*About this exercise*
Without any of the pictures, set down the data below exactly.

*Given data*

:::

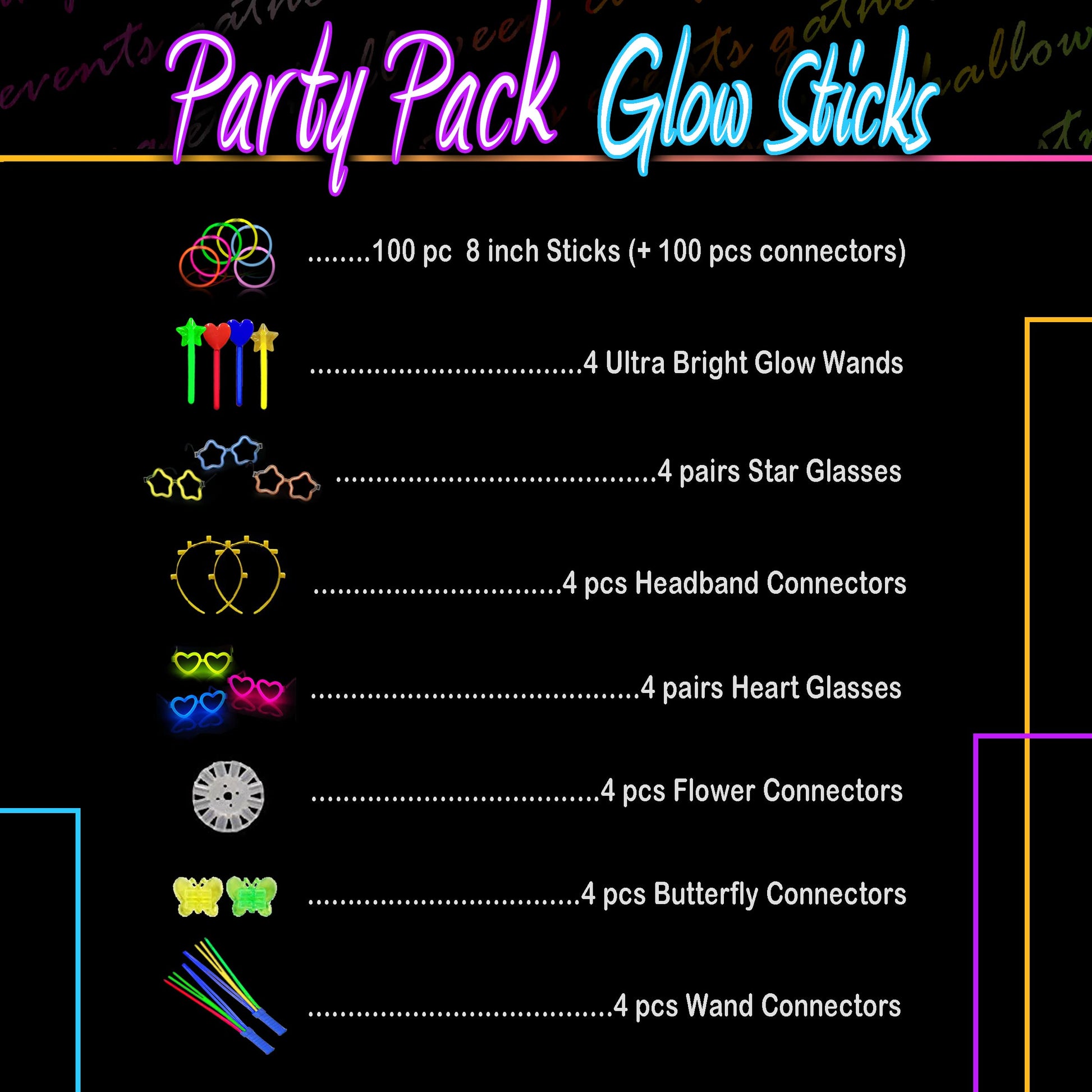 - GREAT VALUE GLOWING PARTY PACK: includes100 Pc 8-inch sticks (100 pcs connectors), 10 pcs ultra-bright glow sticks, 8 pairs glasses connectors, 6pcs headband connectors, 8 pcs triple connectors, 4 pcs flower connectors and 4 pcs butterfly connectors. Perfect for parties and decoration!
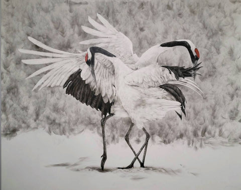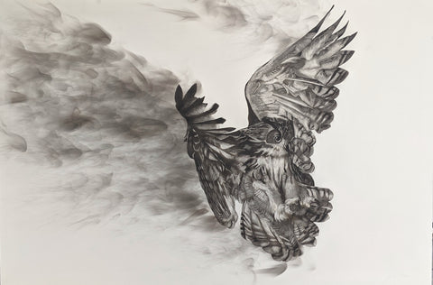"THE RAVENS" Original Fumage Drawing on Clay Board/Framed
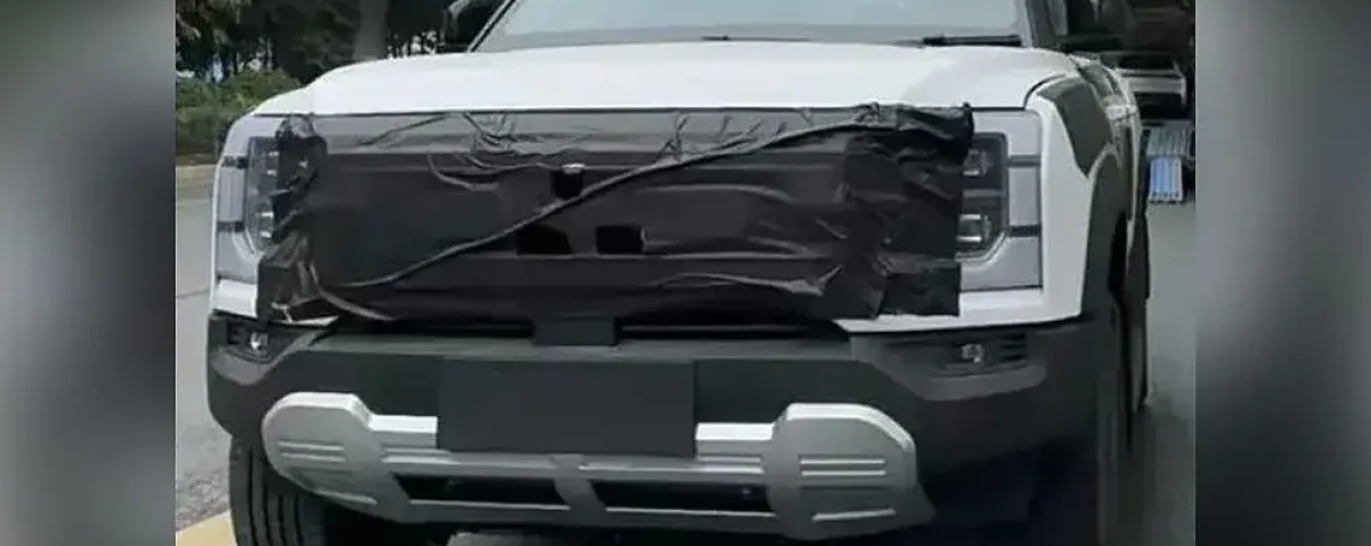 À primeira vista, a picape da BYD lembra a Ford Ranger com seu visual quadradão e faróis, que apesar de camuflados, dão a impressão de ter o mesmo formato em "C".

:::

*Result for this exercise*
 - GREAT VALUE GLOWING PARTY PACK: includes100 Pc 8-inch sticks (100 pcs connectors), 10 pcs ultra-bright glow sticks, 8 pairs glasses connectors, 6pcs headband connectors, 8 pcs triple connectors, 4 pcs flower connectors and 4 pcs butterfly connectors. Perfect for parties and decoration!
"THE RAVENS" Original Fumage Drawing on Clay Board/Framed
 À primeira vista, a picape da BYD lembra a Ford Ranger com seu visual quadradão e faróis, que apesar de camuflados, dão a impressão de ter o mesmo formato em "C".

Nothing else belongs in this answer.